▸ **TASK DESCRIPTION**
Copy all entries without alteration and skip the pictures they hold.

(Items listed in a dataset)
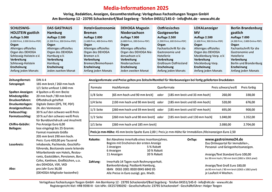 Fachzeitschrift für die Gastronomie und Hotellerie in Schleswig-Holstein. Aktuelles, News und Informationen aus der Branche des Landes und Berichten über die Aktivitäten der DEHOGA-Organisationen
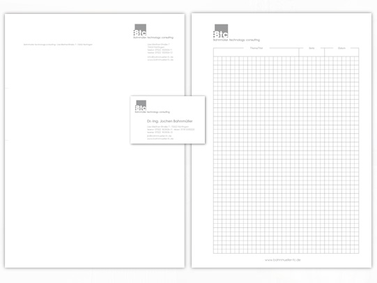 und diverse Drucksachen für "Bahnmüller.technology.consulting" aus Nürtingen.
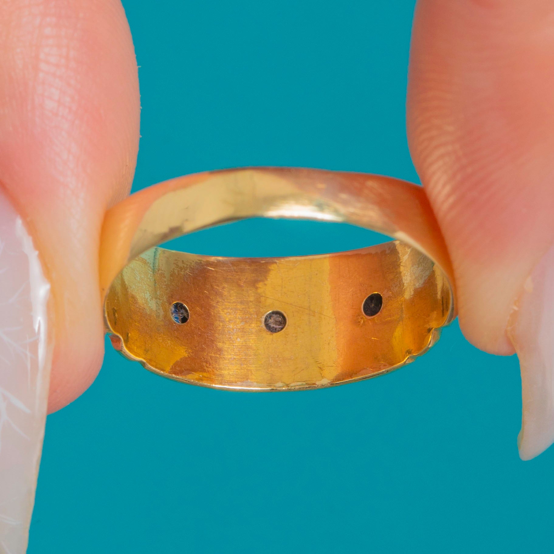 EXCELLENT: Gemstones show light facet wear and minor abrasions visible under magnification, with settings secure. The band has light surface scratches and softened engraving from wear, and the hallmarks are partly worn. A possible old resize seam is visible inside the shank; overall well cared for and ready to wear.
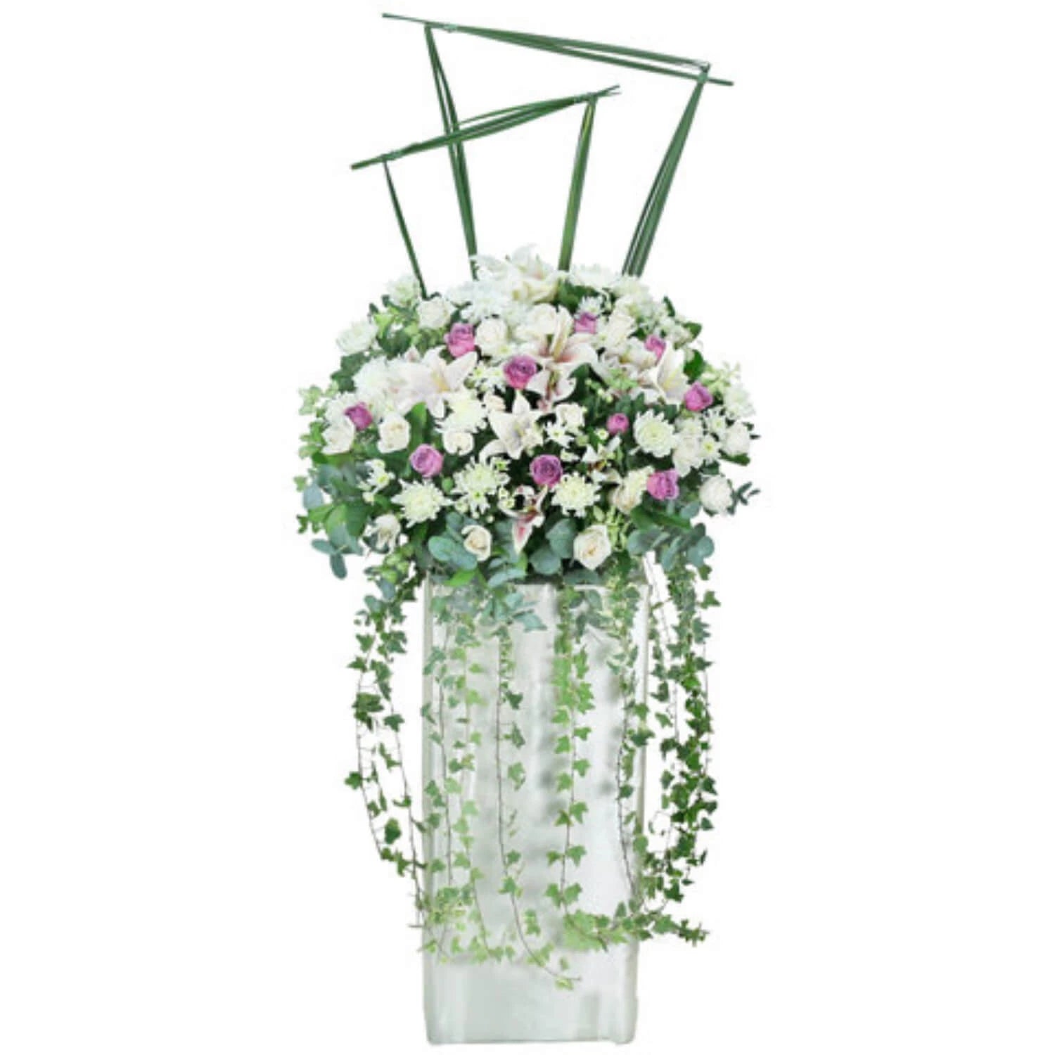Express your heartfelt sympathy with this elegantly arranged funeral standing bouquet, designed to convey care, respect, and remembrance. The arrangement features pristine white lilies and white chrysanthemums, symbolizing purity, peace, and condolence, complemented by delicate white and purple roses, which add a gentle touch of elegance and dignity. Lush matching greenery enhances the natural beauty of the bouquet while creating a harmonious balance of colors and textures. Standing at approximately W 65–85 cm x H 150–180 cm, this arrangement is perfect for memorial services, funerals, or sending condolences to those mourning a loss. Each flower is carefully selected and thoughtfully arranged to create a meaningful and lasting tribute. Actual colour tones of flowers may differ slightly from the image.
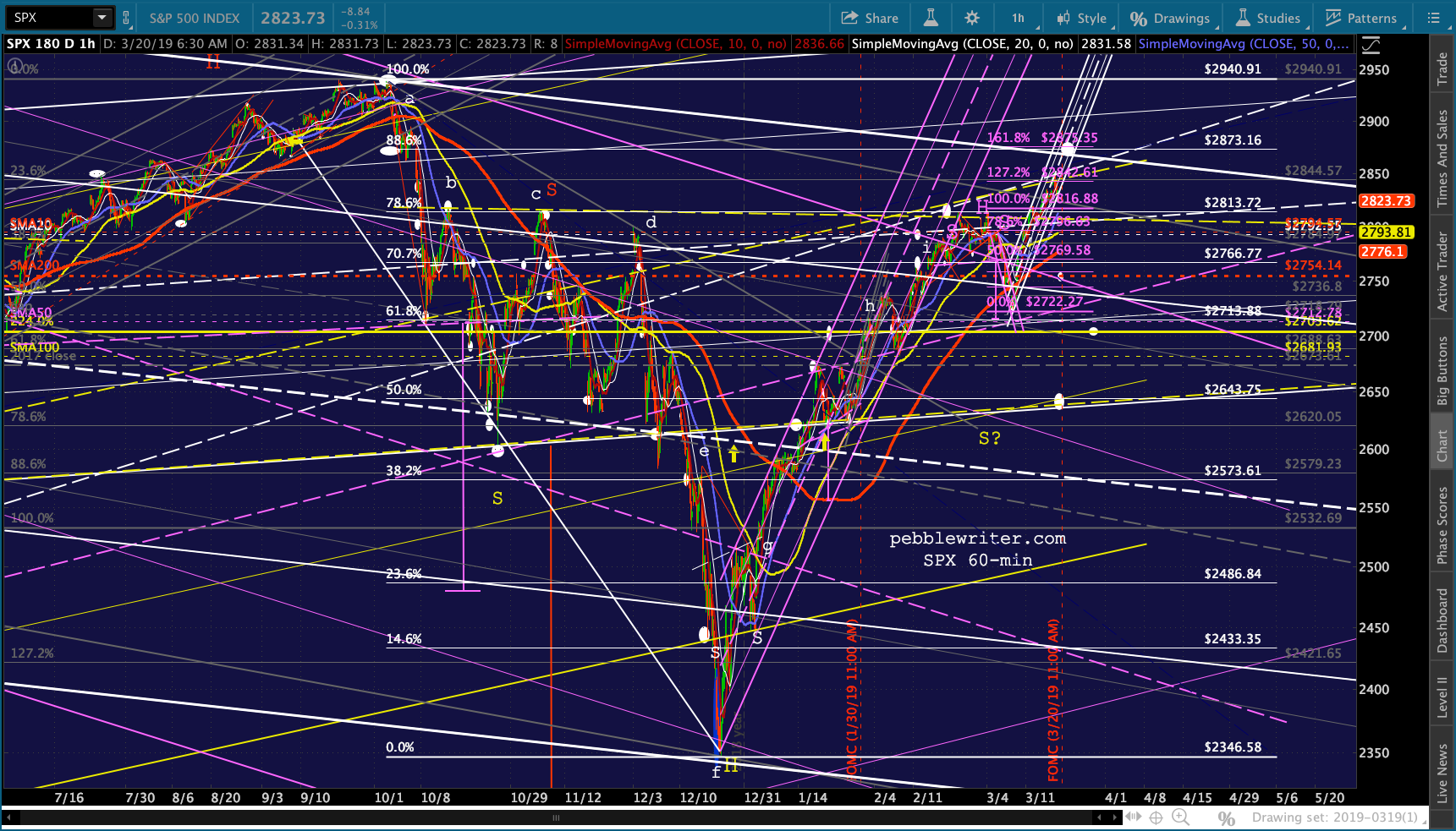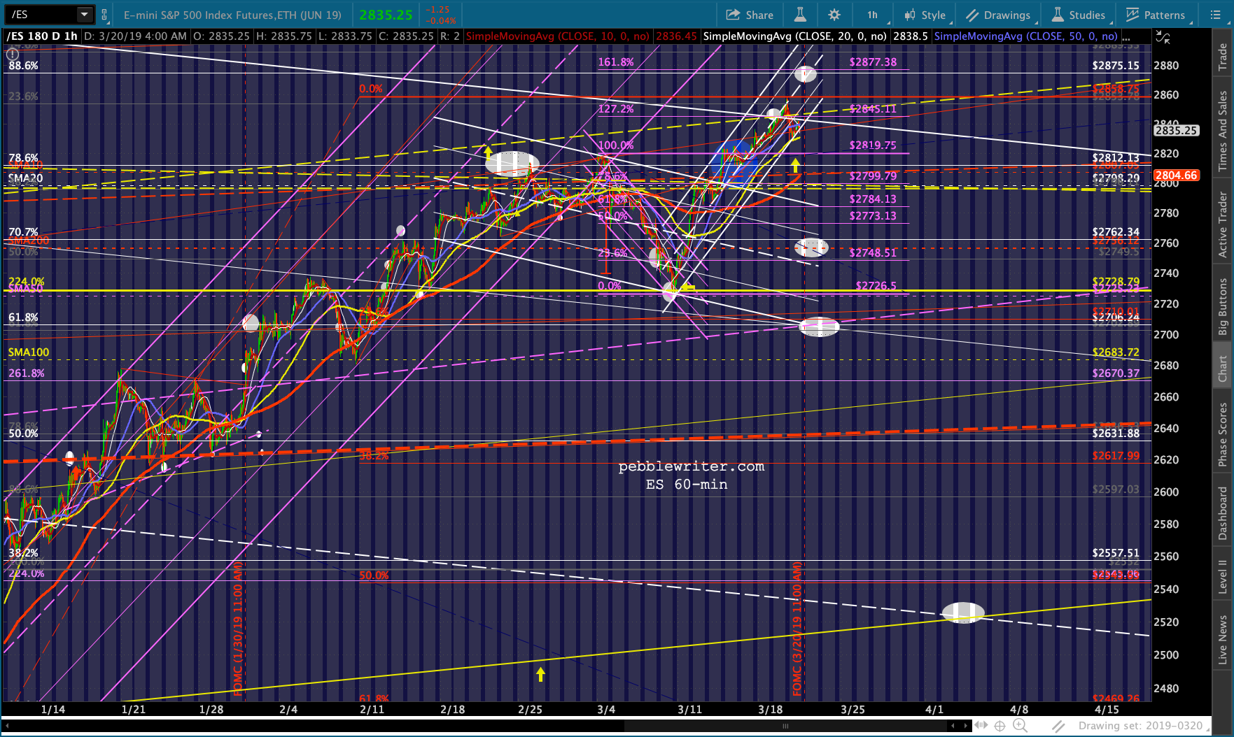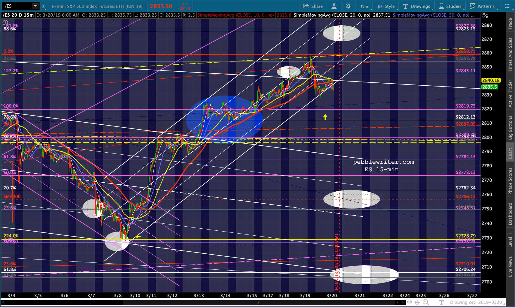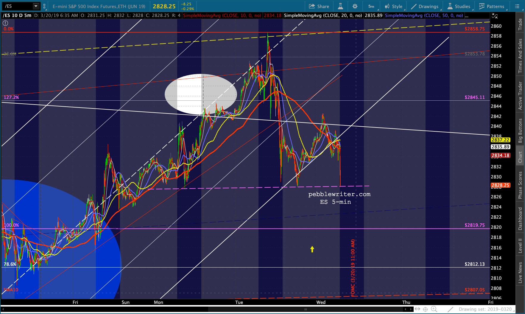 ES just reached its first real test – the neckline of a little H&S targeting 2800 – the location of the SMA20, purple .786 and two different channel midlines.
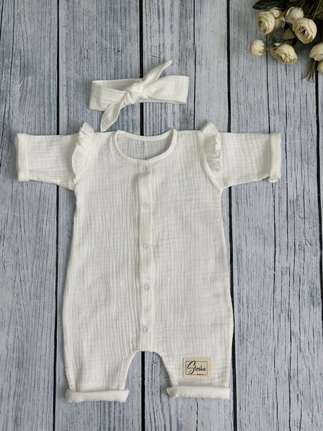 Теги: Купить оптом детский комбинезон . 336-МО. Комбинезон с повязкой для девочки из муслина, хлопок 100%, размеры 56,62,68, молочный цена,отзывы официальный сайт "Стеша Троицк"
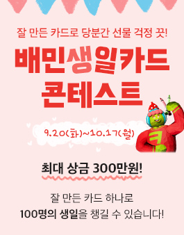 ■ 이벤트개요 최대상금 300만원! 잘 만든 카드 하나로 100명의 생일을 고민없이 챙길 수 있습니다! 2번째 생일을 맞은 배민선물하기에게 예쁜 생일카드를 선물해주세요
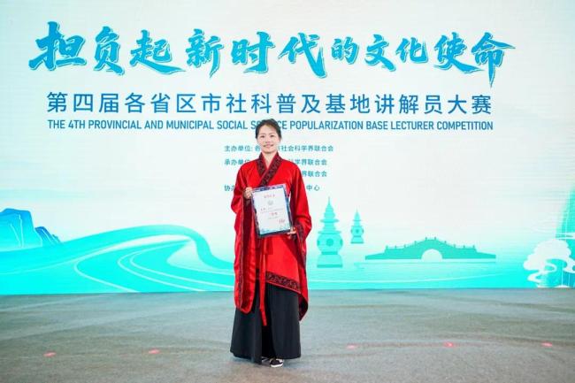 9月24日,第四届各省区市社科普及基地讲解员大赛在浙江温州圆满落幕。本次大赛由各省区市社科联组织选拔,浙江省社科联、温州市社科联承办,温州市新闻传媒中心协办,来自全国31个省区市的93名讲解员参赛,经过两天的激烈角逐,我院讲解员马昆荣获三等奖。
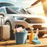 - Påføring: Sprøjt blandingen jævnt over hele bilens overflade, inklusive glas og spejle.
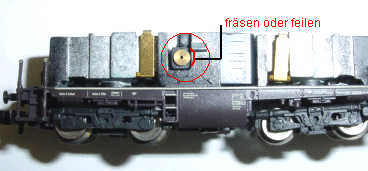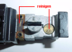 Am Fahrgestellblock wird mit einem Stückchen Roco - Rubber oder Tintenradiergummi die Schleifflöche auf beiden
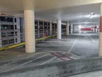 A night view of a concrete street in the city of San Francisco, USA. The street is illuminated by artificial lights, and the curve of the road leads towards a parking garage entrance. The highway ramp can be seen in the distance, adding to the urban atmosphere.
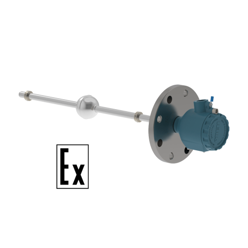 Поплавок с постоянным магнитом перемещается вместе с уровнем жидкости по штоку, в котором находится матрица герконов и сопротивлений. Под воздействием магнитного поля происходит срабатывание герконов, цепь работает по схеме трёхпроводного потенциометра. При изменении уровня жидкости изменяется выходное сопротивление датчика, преобразуемое в выходной сигнал 4…20 мА, что прямо пропорционально уровню жидкости
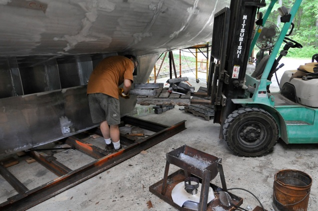 I ladled the lead for about 30 minutes at a spell, having to stop due to the heat, both in my body and which built up in the keel. Mustn’t overheat the aluminum! Occasionally I sprayed water from the hose onto the outside of the keel skin.

▸ **EXERCISE RESULT**
 Fachzeitschrift für die Gastronomie und Hotellerie in Schleswig-Holstein. Aktuelles, News und Informationen aus der Branche des Landes und Berichten über die Aktivitäten der DEHOGA-Organisationen
 und diverse Drucksachen für "Bahnmüller.technology.consulting" aus Nürtingen.
 EXCELLENT: Gemstones show light facet wear and minor abrasions visible under magnification, with settings secure. The band has light surface scratches and softened engraving from wear, and the hallmarks are partly worn. A possible old resize seam is visible inside the shank; overall well cared for and ready to wear.
Express your heartfelt sympathy with this elegantly arranged funeral standing bouquet, designed to convey care, respect, and remembrance. The arrangement features pristine white lilies and white chrysanthemums, symbolizing purity, peace, and condolence, complemented by delicate white and purple roses, which add a gentle touch of elegance and dignity. Lush matching greenery enhances the natural beauty of the bouquet while creating a harmonious balance of colors and textures. Standing at approximately W 65–85 cm x H 150–180 cm, this arrangement is perfect for memorial services, funerals, or sending condolences to those mourning a loss. Each flower is carefully selected and thoughtfully arranged to create a meaningful and lasting tribute. Actual colour tones of flowers may differ slightly from the image.
 ES just reached its first real test – the neckline of a little H&S targeting 2800 – the location of the SMA20, purple .786 and two different channel midlines.
 Теги: Купить оптом детский комбинезон . 336-МО. Комбинезон с повязкой для девочки из муслина, хлопок 100%, размеры 56,62,68, молочный цена,отзывы официальный сайт "Стеша Троицк"
 ■ 이벤트개요 최대상금 300만원! 잘 만든 카드 하나로 100명의 생일을 고민없이 챙길 수 있습니다! 2번째 생일을 맞은 배민선물하기에게 예쁜 생일카드를 선물해주세요
 9月24日,第四届各省区市社科普及基地讲解员大赛在浙江温州圆满落幕。本次大赛由各省区市社科联组织选拔,浙江省社科联、温州市社科联承办,温州市新闻传媒中心协办,来自全国31个省区市的93名讲解员参赛,经过两天的激烈角逐,我院讲解员马昆荣获三等奖。
 - Påføring: Sprøjt blandingen jævnt over hele bilens overflade, inklusive glas og spejle.
 Am Fahrgestellblock wird mit einem Stückchen Roco - Rubber oder Tintenradiergummi die Schleifflöche auf beiden
 A night view of a concrete street in the city of San Francisco, USA. The street is illuminated by artificial lights, and the curve of the road leads towards a parking garage entrance. The highway ramp can be seen in the distance, adding to the urban atmosphere.
 Поплавок с постоянным магнитом перемещается вместе с уровнем жидкости по штоку, в котором находится матрица герконов и сопротивлений. Под воздействием магнитного поля происходит срабатывание герконов, цепь работает по схеме трёхпроводного потенциометра. При изменении уровня жидкости изменяется выходное сопротивление датчика, преобразуемое в выходной сигнал 4…20 мА, что прямо пропорционально уровню жидкости
 I ladled the lead for about 30 minutes at a spell, having to stop due to the heat, both in my body and which built up in the keel. Mustn’t overheat the aluminum! Occasionally I sprayed water from the hose onto the outside of the keel skin.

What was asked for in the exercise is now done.